### Problem details
Every line of the data should be written out exactly, with the pictures left out.
Recorded data section start
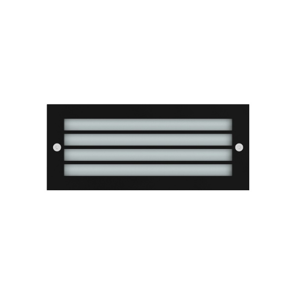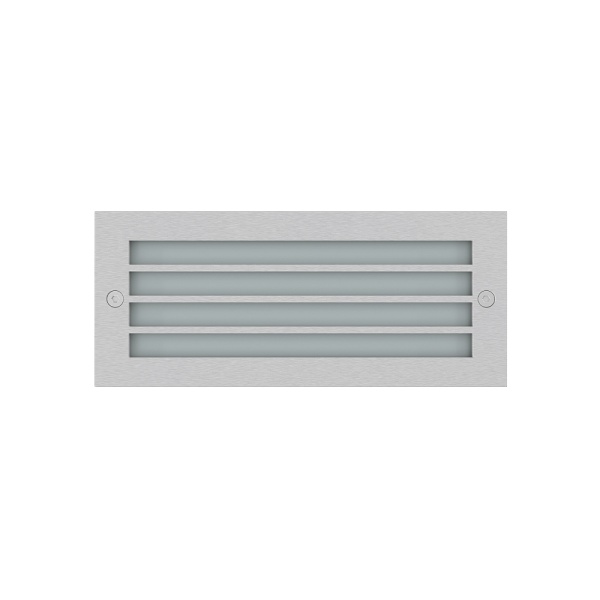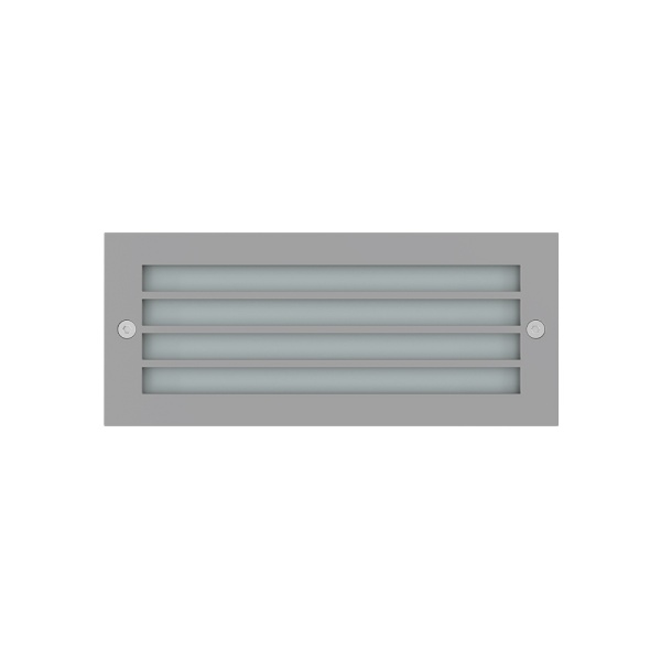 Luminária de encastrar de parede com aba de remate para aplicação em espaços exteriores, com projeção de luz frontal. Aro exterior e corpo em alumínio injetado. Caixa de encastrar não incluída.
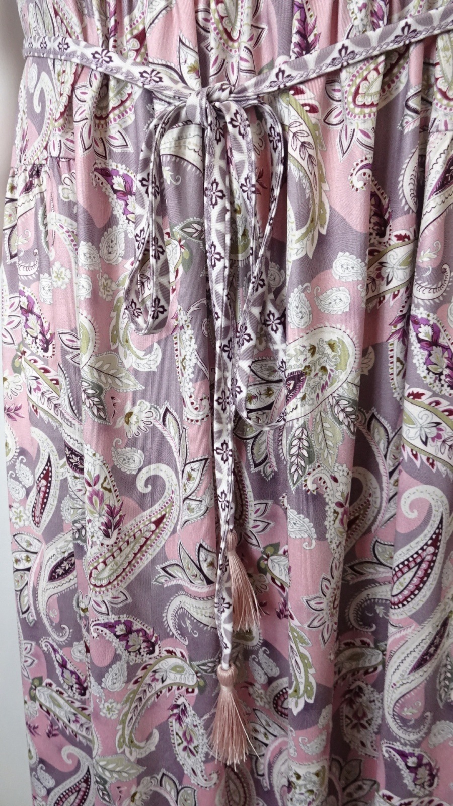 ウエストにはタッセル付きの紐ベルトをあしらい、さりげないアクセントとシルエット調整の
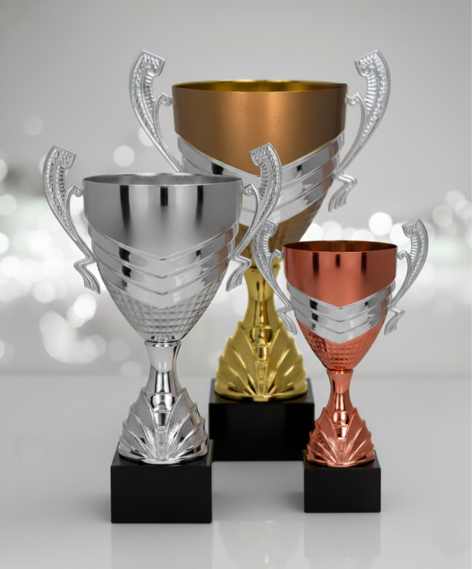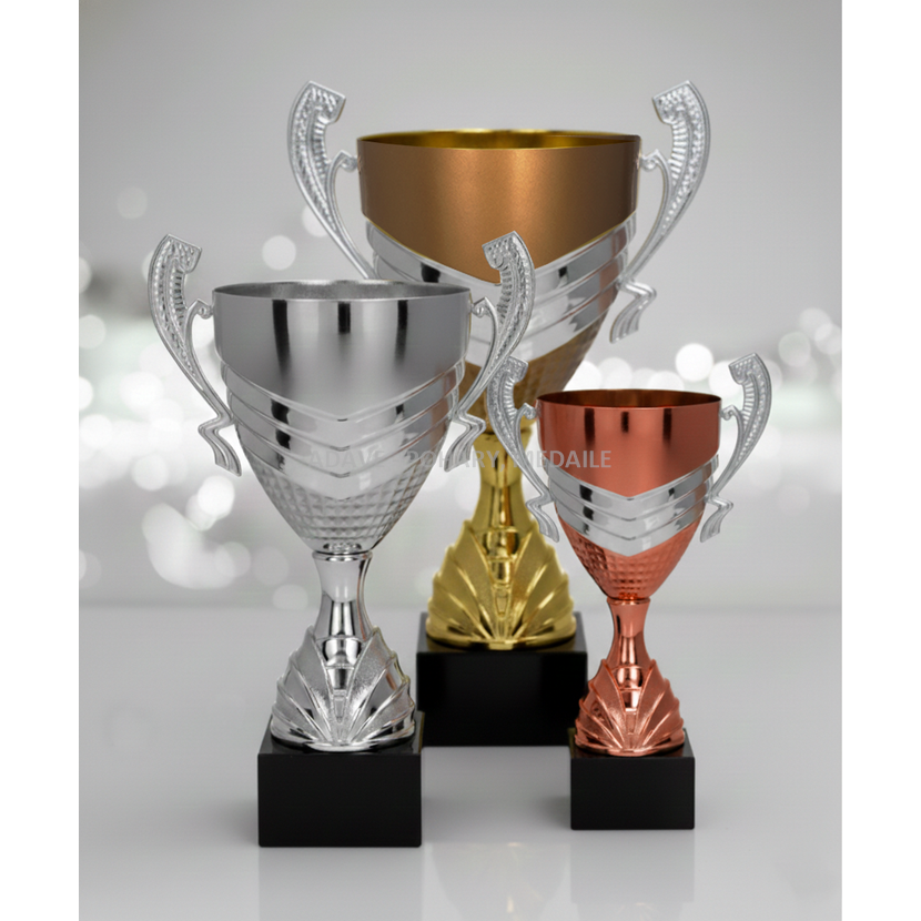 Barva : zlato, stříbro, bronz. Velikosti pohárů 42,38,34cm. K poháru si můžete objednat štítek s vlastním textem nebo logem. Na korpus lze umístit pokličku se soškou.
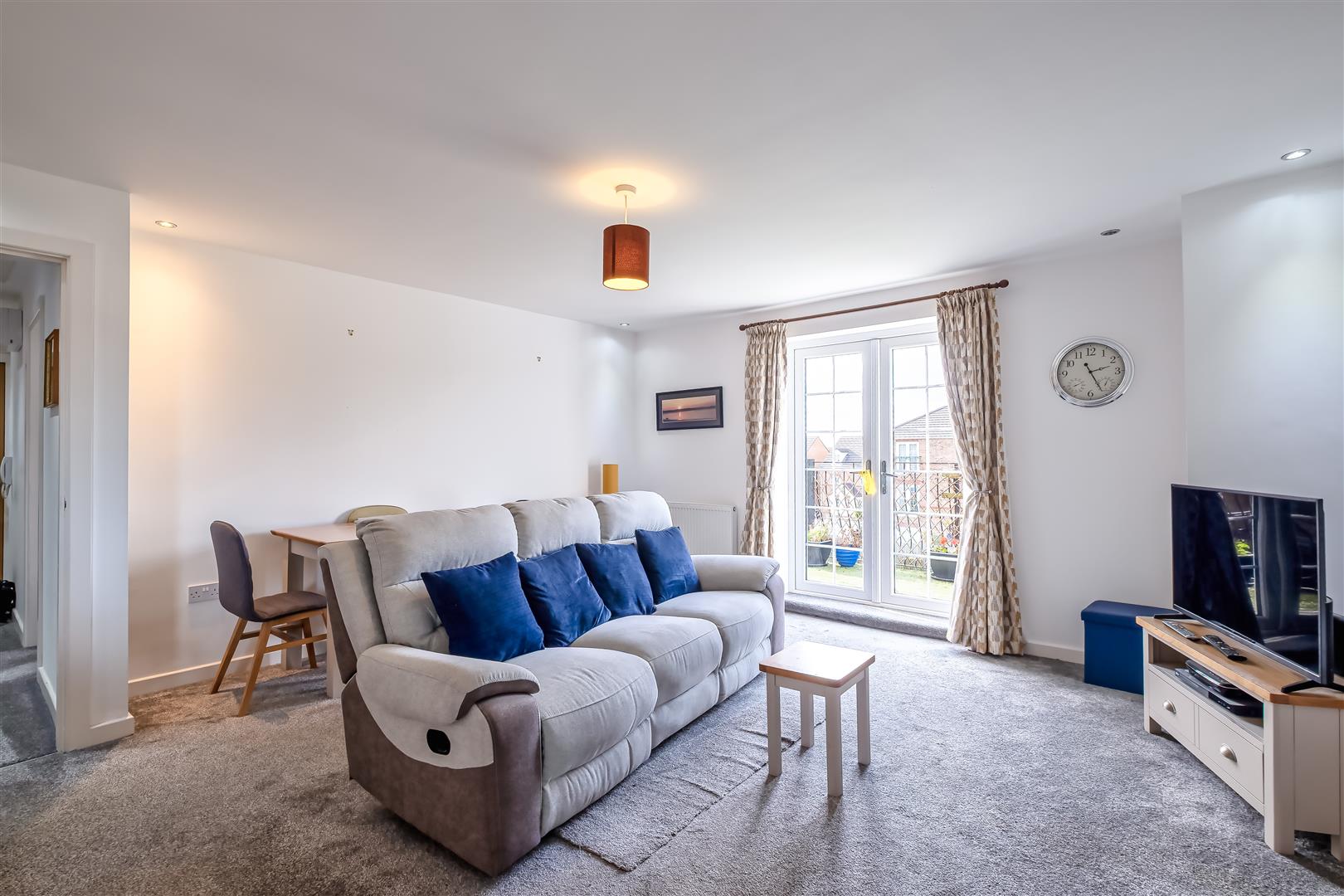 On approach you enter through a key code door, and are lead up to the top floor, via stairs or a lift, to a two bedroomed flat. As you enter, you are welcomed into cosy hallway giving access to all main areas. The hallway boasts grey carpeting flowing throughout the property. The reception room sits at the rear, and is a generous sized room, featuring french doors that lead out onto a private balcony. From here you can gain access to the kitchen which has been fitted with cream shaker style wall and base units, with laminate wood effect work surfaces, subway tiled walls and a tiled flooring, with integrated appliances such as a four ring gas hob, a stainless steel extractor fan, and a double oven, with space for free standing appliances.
Recorded data section end
### Solution to this task
 Luminária de encastrar de parede com aba de remate para aplicação em espaços exteriores, com projeção de luz frontal. Aro exterior e corpo em alumínio injetado. Caixa de encastrar não incluída.
 ウエストにはタッセル付きの紐ベルトをあしらい、さりげないアクセントとシルエット調整の
 Barva : zlato, stříbro, bronz. Velikosti pohárů 42,38,34cm. K poháru si můžete objednat štítek s vlastním textem nebo logem. Na korpus lze umístit pokličku se soškou.
 On approach you enter through a key code door, and are lead up to the top floor, via stairs or a lift, to a two bedroomed flat. As you enter, you are welcomed into cosy hallway giving access to all main areas. The hallway boasts grey carpeting flowing throughout the property. The reception room sits at the rear, and is a generous sized room, featuring french doors that lead out onto a private balcony. From here you can gain access to the kitchen which has been fitted with cream shaker style wall and base units, with laminate wood effect work surfaces, subway tiled walls and a tiled flooring, with integrated appliances such as a four ring gas hob, a stainless steel extractor fan, and a double oven, with space for free standing appliances.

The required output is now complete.